- _WHAT YOU ARE ASKED TO DO_:
Using the records below, copy exactly the part that opens with the line holding "vetrina per salone" and closes with the line holding "A Fita Adesiva Transparente", minus the pictures.

[Data excerpts]
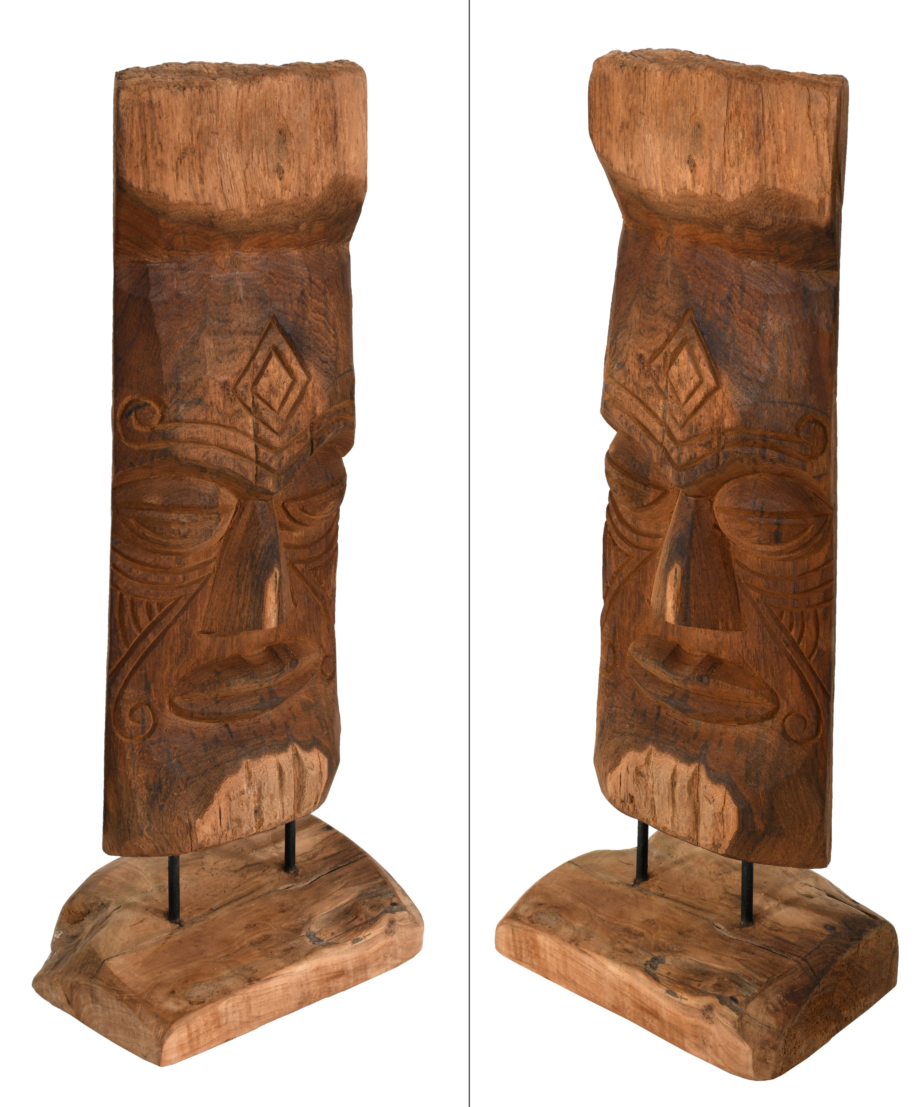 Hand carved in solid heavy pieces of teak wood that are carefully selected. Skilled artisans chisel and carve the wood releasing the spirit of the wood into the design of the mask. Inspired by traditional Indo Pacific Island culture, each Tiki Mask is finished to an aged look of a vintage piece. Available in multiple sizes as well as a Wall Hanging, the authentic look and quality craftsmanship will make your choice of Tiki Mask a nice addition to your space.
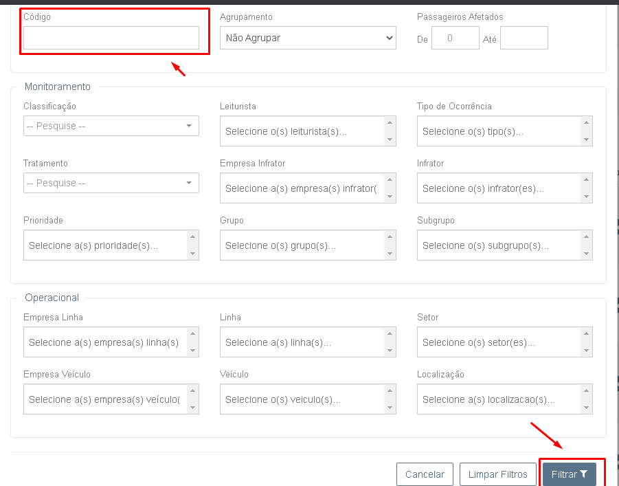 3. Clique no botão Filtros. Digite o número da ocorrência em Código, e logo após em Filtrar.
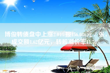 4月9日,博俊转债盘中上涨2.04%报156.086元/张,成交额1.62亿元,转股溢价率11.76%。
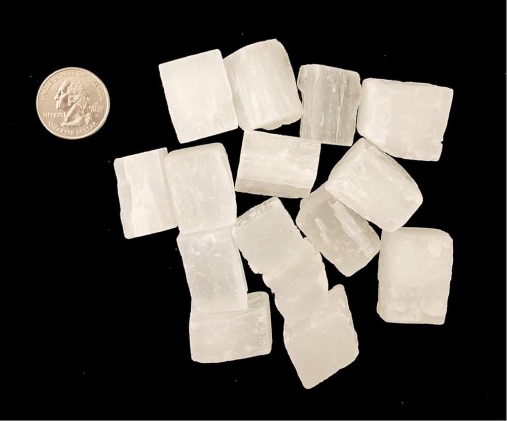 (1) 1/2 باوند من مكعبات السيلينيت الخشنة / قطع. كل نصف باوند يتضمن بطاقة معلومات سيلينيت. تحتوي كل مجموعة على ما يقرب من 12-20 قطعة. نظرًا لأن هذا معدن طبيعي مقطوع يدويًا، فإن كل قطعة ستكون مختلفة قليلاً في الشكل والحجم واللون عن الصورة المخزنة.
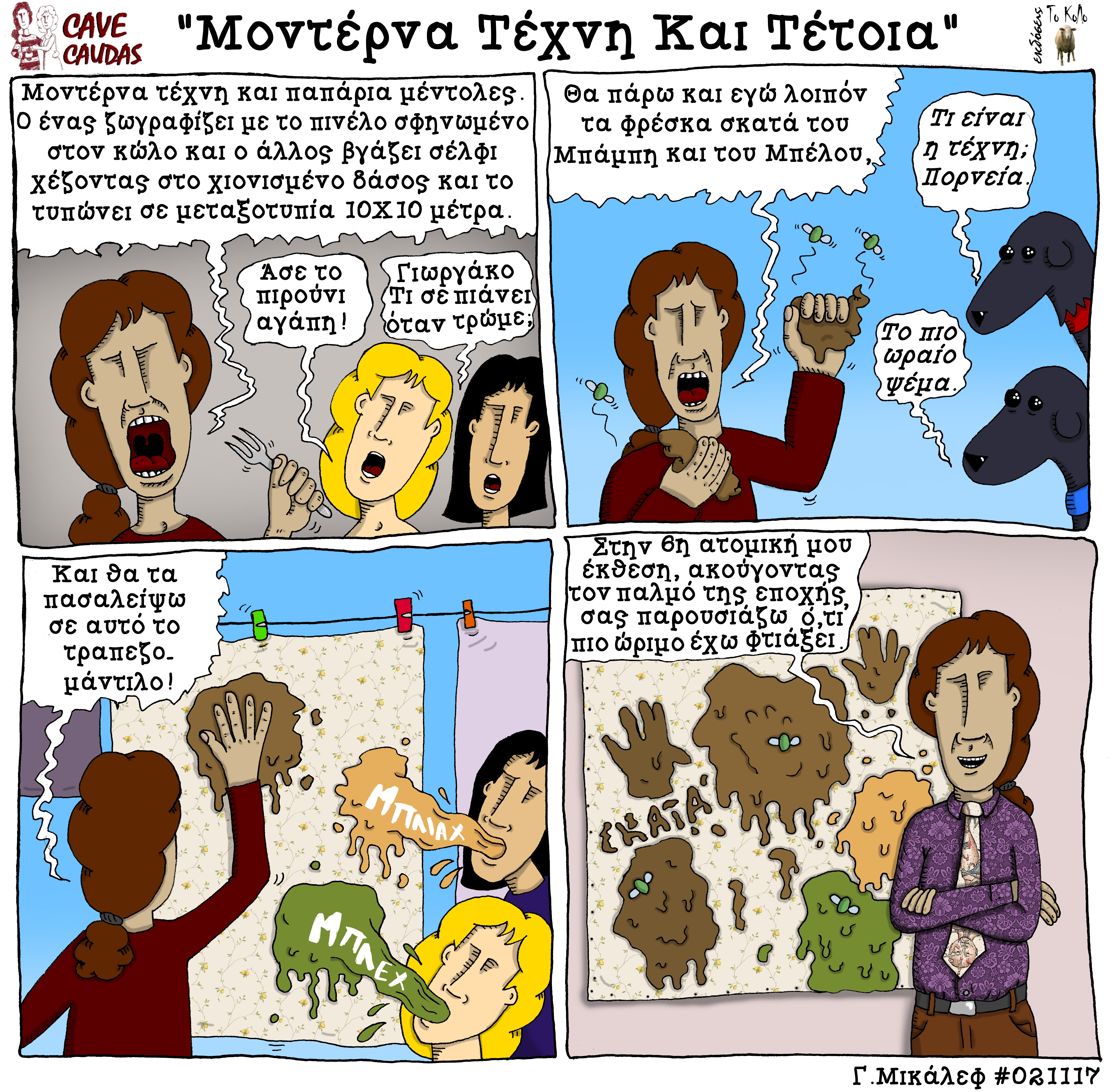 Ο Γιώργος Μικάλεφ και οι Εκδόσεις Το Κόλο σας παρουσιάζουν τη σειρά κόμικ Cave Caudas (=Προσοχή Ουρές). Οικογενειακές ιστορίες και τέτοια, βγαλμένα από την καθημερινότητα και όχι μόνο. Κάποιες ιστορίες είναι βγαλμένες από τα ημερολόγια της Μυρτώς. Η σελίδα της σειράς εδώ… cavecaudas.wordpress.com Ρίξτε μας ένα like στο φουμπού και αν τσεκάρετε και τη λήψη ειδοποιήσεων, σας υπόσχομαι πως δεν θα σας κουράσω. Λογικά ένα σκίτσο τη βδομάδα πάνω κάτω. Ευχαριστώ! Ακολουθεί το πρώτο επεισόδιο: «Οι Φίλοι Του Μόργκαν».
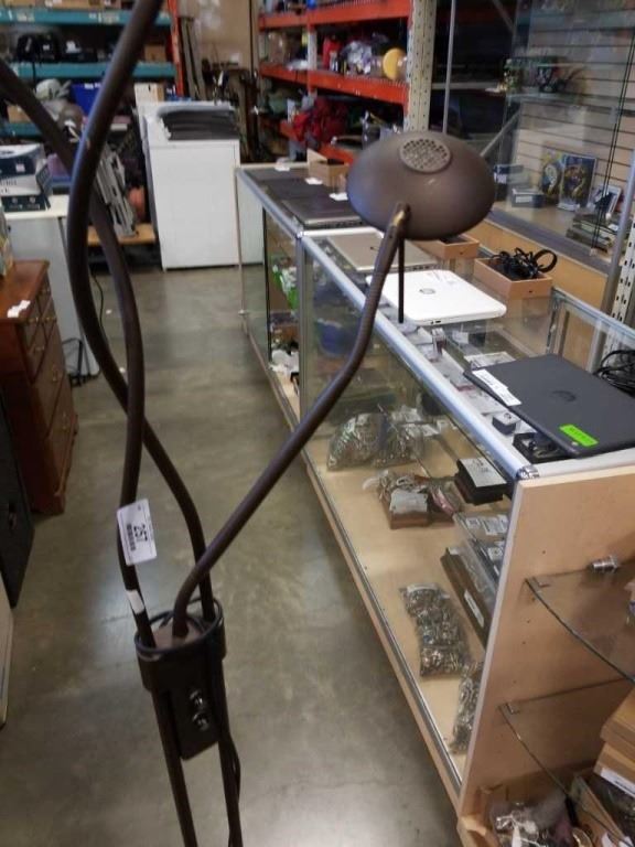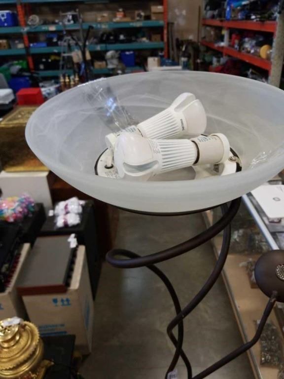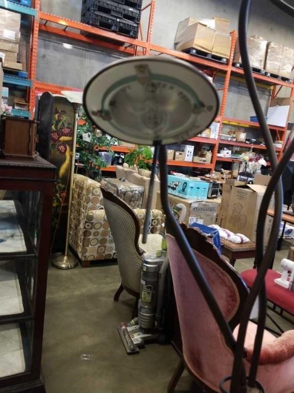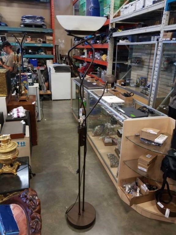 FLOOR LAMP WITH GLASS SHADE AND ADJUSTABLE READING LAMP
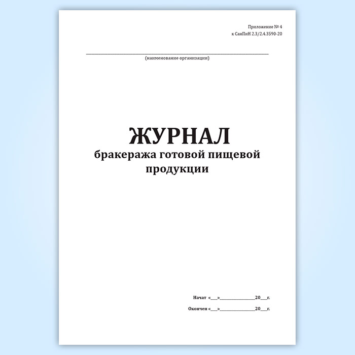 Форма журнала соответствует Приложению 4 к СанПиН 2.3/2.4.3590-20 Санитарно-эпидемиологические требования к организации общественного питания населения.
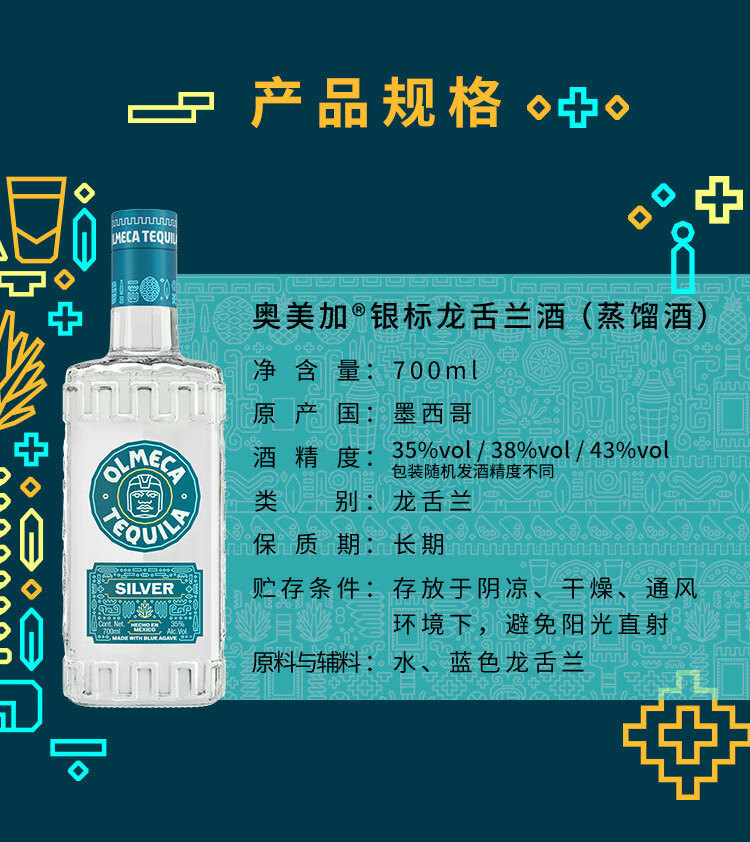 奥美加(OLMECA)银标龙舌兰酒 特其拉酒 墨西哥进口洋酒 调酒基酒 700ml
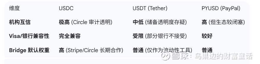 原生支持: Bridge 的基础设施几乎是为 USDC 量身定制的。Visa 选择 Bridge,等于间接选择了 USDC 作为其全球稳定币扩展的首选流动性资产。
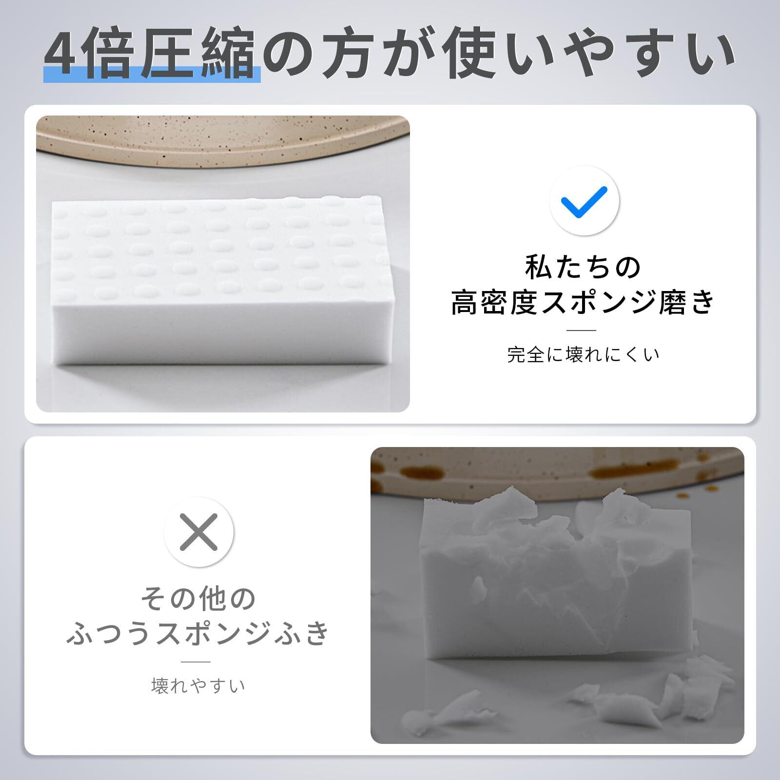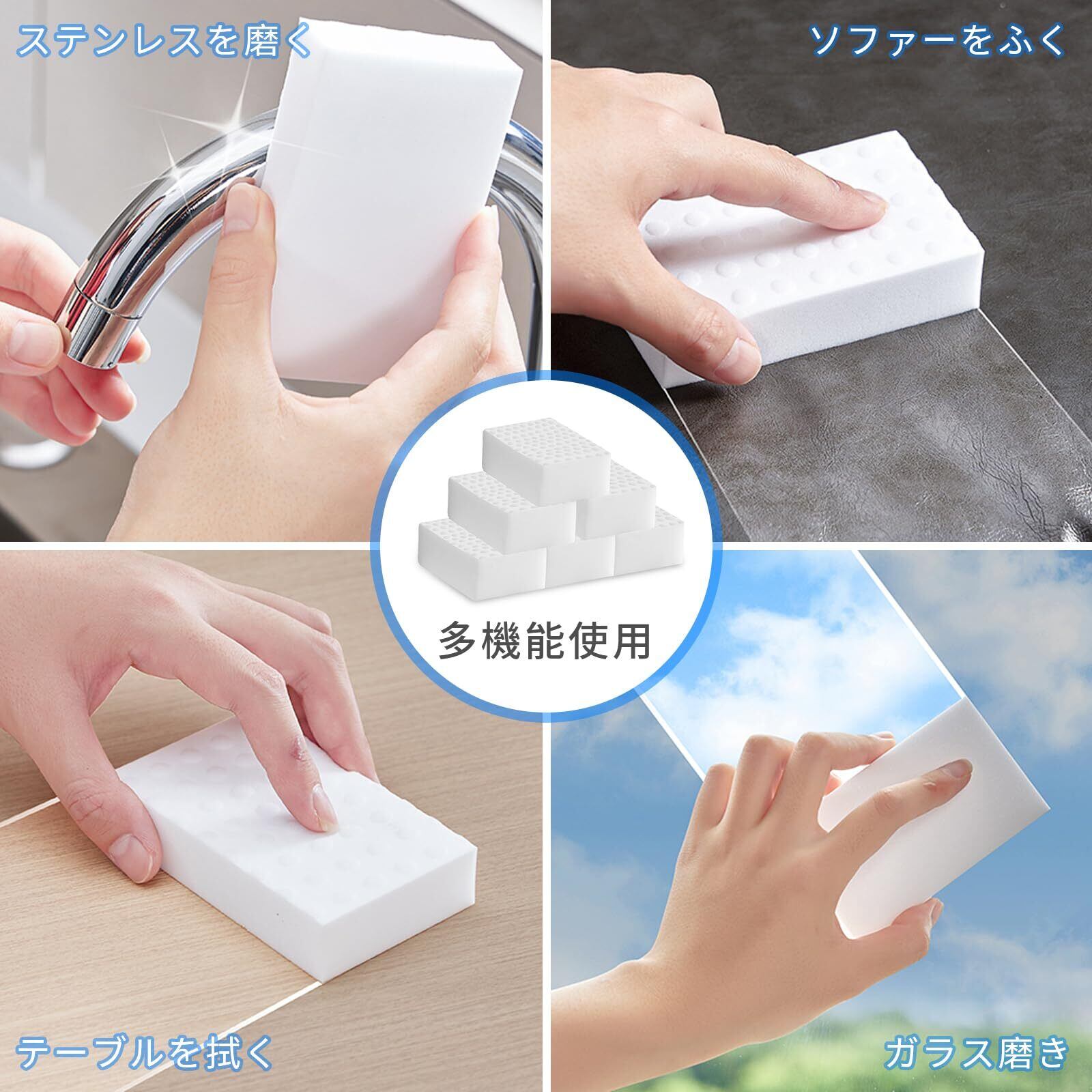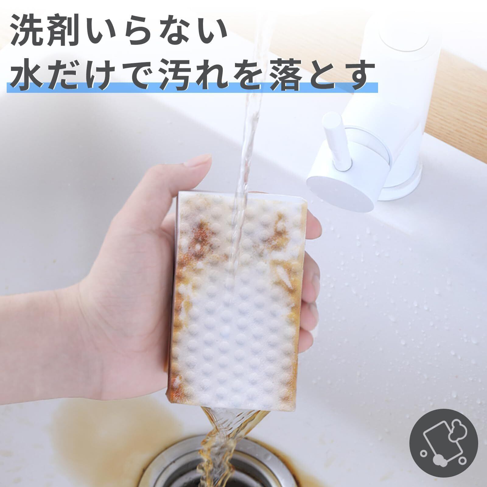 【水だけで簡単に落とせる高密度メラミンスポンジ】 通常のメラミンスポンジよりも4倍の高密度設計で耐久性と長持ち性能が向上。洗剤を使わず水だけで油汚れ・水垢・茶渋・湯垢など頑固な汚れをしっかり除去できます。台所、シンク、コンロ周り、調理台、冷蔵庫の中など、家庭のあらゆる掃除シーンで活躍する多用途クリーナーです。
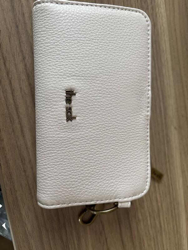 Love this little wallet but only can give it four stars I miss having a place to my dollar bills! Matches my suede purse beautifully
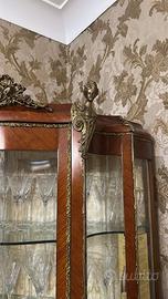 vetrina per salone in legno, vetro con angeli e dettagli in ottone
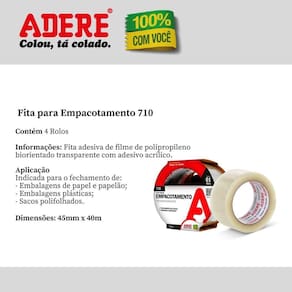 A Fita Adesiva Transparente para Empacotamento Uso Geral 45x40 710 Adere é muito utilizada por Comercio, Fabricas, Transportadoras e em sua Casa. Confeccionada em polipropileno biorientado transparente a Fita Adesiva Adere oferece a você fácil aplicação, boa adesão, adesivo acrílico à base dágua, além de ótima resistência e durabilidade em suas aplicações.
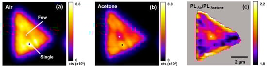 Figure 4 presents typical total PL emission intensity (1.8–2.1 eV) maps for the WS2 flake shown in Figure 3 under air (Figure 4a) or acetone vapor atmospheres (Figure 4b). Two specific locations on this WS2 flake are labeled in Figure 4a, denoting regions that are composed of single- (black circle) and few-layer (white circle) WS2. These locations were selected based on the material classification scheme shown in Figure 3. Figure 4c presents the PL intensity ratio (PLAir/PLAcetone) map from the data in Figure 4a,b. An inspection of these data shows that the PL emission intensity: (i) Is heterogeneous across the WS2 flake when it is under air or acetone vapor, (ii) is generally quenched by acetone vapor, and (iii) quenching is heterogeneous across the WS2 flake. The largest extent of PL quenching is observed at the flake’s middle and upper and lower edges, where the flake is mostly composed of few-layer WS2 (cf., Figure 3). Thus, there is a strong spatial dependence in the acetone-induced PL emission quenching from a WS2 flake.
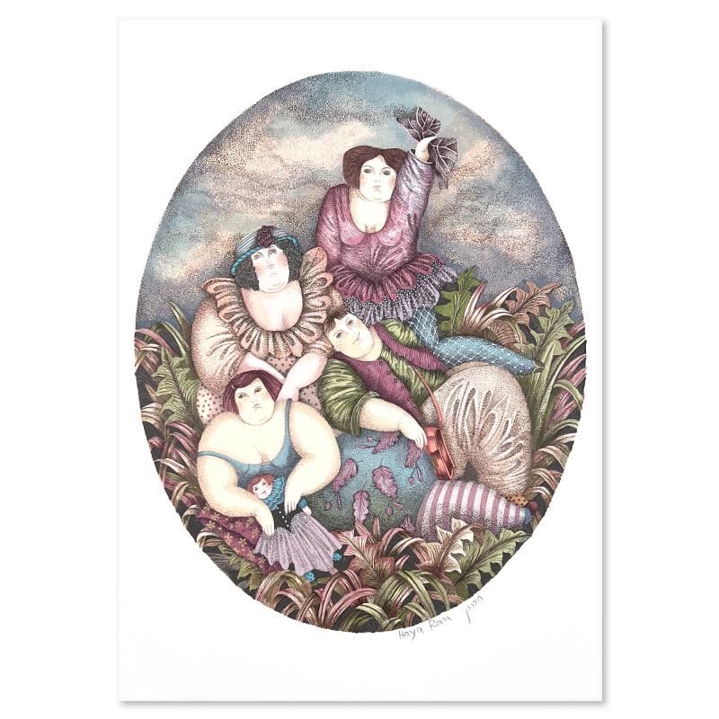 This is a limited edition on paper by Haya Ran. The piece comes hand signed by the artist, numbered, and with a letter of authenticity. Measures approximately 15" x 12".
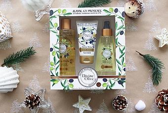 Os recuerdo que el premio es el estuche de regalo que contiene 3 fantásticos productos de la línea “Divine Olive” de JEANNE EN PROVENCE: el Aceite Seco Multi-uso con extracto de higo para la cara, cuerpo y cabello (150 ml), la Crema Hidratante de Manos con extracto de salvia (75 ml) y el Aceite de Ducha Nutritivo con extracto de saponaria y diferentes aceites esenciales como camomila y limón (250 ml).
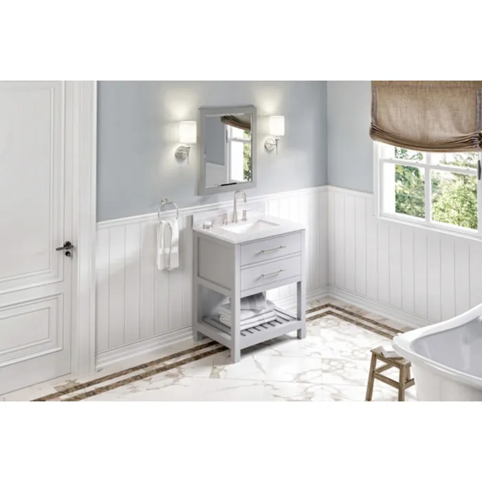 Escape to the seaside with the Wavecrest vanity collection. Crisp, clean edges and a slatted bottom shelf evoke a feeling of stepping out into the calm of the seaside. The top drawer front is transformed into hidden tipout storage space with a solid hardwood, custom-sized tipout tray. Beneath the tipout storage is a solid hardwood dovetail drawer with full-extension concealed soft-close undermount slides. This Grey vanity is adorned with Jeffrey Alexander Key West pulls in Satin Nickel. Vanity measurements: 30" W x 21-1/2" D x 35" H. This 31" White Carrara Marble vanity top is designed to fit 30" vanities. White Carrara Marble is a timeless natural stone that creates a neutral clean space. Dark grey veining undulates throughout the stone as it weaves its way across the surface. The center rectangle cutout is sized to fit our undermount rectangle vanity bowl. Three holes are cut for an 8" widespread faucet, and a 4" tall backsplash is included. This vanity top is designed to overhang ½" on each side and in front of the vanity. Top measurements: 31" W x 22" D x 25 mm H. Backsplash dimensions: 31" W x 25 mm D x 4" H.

- _RESULT_:
 vetrina per salone in legno, vetro con angeli e dettagli in ottone
 A Fita Adesiva Transparente para Empacotamento Uso Geral 45x40 710 Adere é muito utilizada por Comercio, Fabricas, Transportadoras e em sua Casa. Confeccionada em polipropileno biorientado transparente a Fita Adesiva Adere oferece a você fácil aplicação, boa adesão, adesivo acrílico à base dágua, além de ótima resistência e durabilidade em suas aplicações.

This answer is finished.